» **INSTRUCTIONS FOR THE TASK**:
When you reach the line containing "Please click on", begin reproducing the material exactly, stop after the line containing "このイベントは、本来の生息地", and leave out any pictures along the way.

» **DATA EXTRACTS**:
---
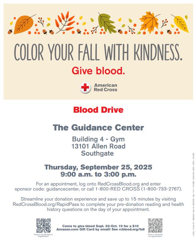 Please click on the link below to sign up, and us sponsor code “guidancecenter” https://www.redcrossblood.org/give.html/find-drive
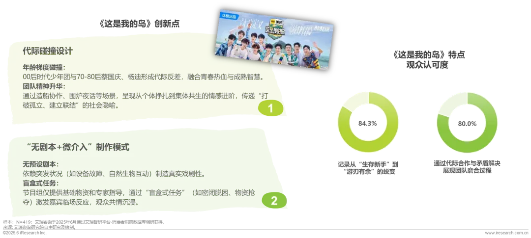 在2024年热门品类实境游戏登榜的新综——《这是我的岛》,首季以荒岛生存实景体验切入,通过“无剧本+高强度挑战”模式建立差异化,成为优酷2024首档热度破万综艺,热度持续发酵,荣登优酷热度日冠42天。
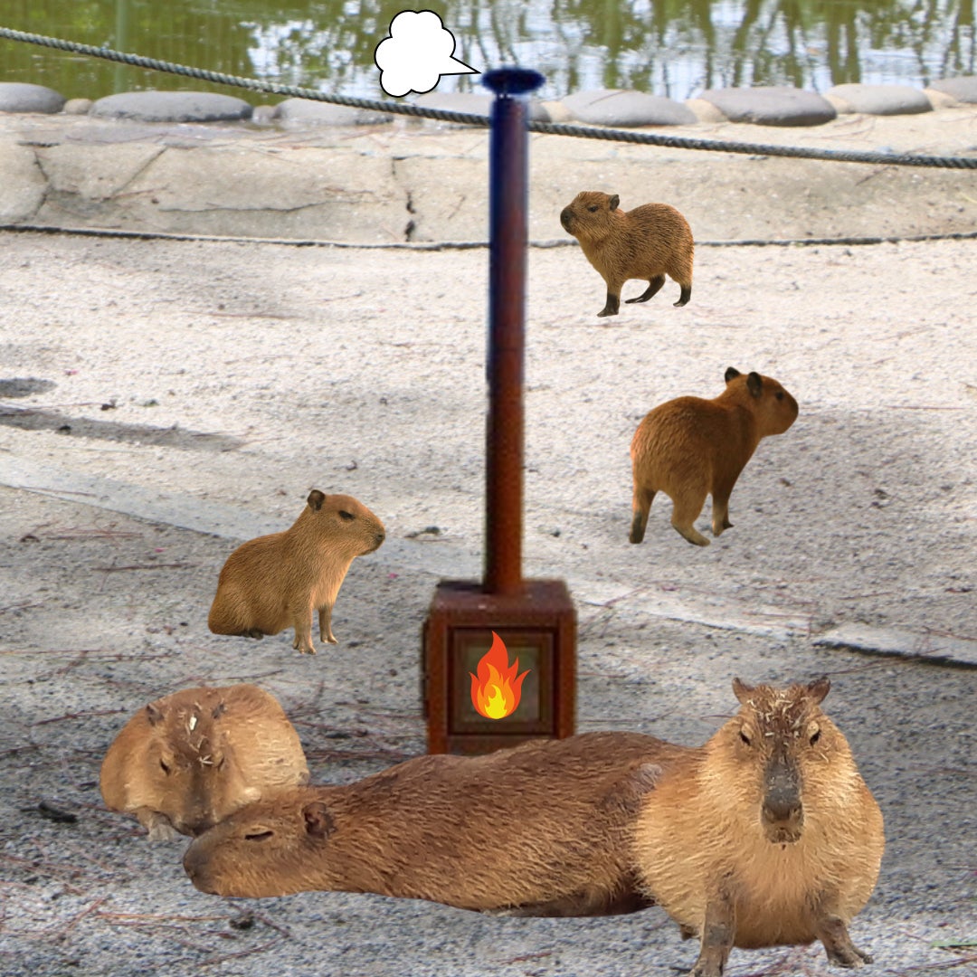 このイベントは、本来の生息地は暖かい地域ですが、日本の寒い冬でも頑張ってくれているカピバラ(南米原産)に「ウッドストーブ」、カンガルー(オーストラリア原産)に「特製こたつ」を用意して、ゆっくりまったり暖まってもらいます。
---
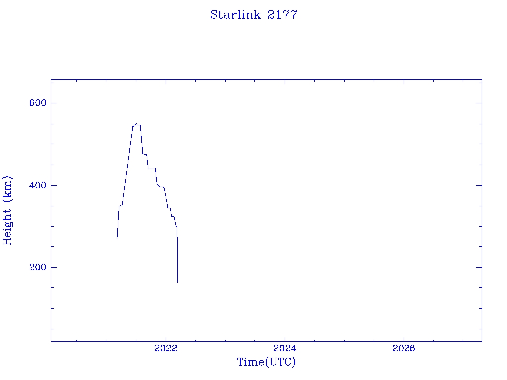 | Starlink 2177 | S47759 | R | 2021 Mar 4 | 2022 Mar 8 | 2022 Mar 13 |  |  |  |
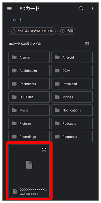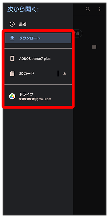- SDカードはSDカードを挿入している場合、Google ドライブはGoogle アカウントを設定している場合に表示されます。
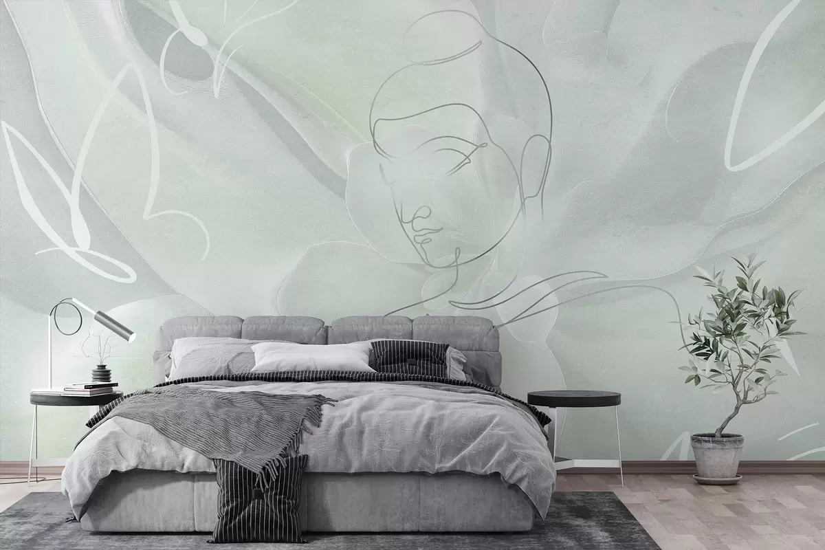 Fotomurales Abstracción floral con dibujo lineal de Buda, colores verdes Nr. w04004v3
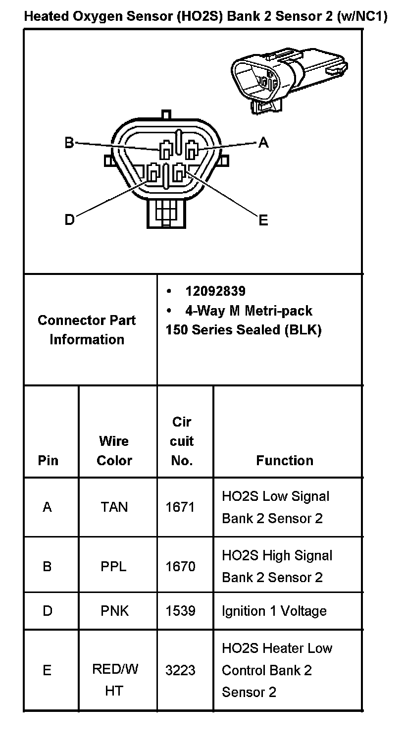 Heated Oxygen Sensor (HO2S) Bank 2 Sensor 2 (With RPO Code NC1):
---
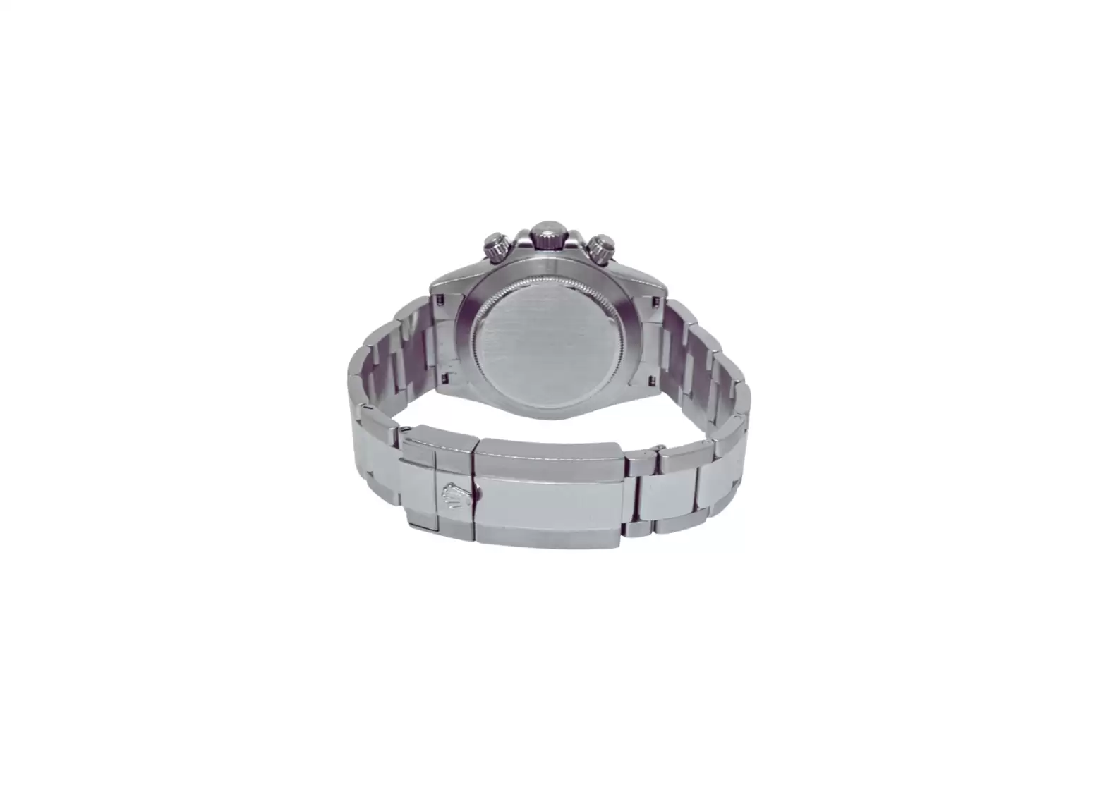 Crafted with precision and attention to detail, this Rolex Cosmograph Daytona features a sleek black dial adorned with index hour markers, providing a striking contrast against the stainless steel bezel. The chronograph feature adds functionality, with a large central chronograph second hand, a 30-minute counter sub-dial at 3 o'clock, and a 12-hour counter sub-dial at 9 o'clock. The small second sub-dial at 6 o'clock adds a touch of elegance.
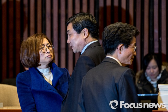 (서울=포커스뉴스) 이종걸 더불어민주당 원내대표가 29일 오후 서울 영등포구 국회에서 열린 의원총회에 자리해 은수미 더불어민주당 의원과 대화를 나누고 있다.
---
» **RESULT OF THIS EXERCISE**:
 Please click on the link below to sign up, and us sponsor code “guidancecenter” https://www.redcrossblood.org/give.html/find-drive
 在2024年热门品类实境游戏登榜的新综——《这是我的岛》,首季以荒岛生存实景体验切入,通过“无剧本+高强度挑战”模式建立差异化,成为优酷2024首档热度破万综艺,热度持续发酵,荣登优酷热度日冠42天。
 このイベントは、本来の生息地は暖かい地域ですが、日本の寒い冬でも頑張ってくれているカピバラ(南米原産)に「ウッドストーブ」、カンガルー(オーストラリア原産)に「特製こたつ」を用意して、ゆっくりまったり暖まってもらいます。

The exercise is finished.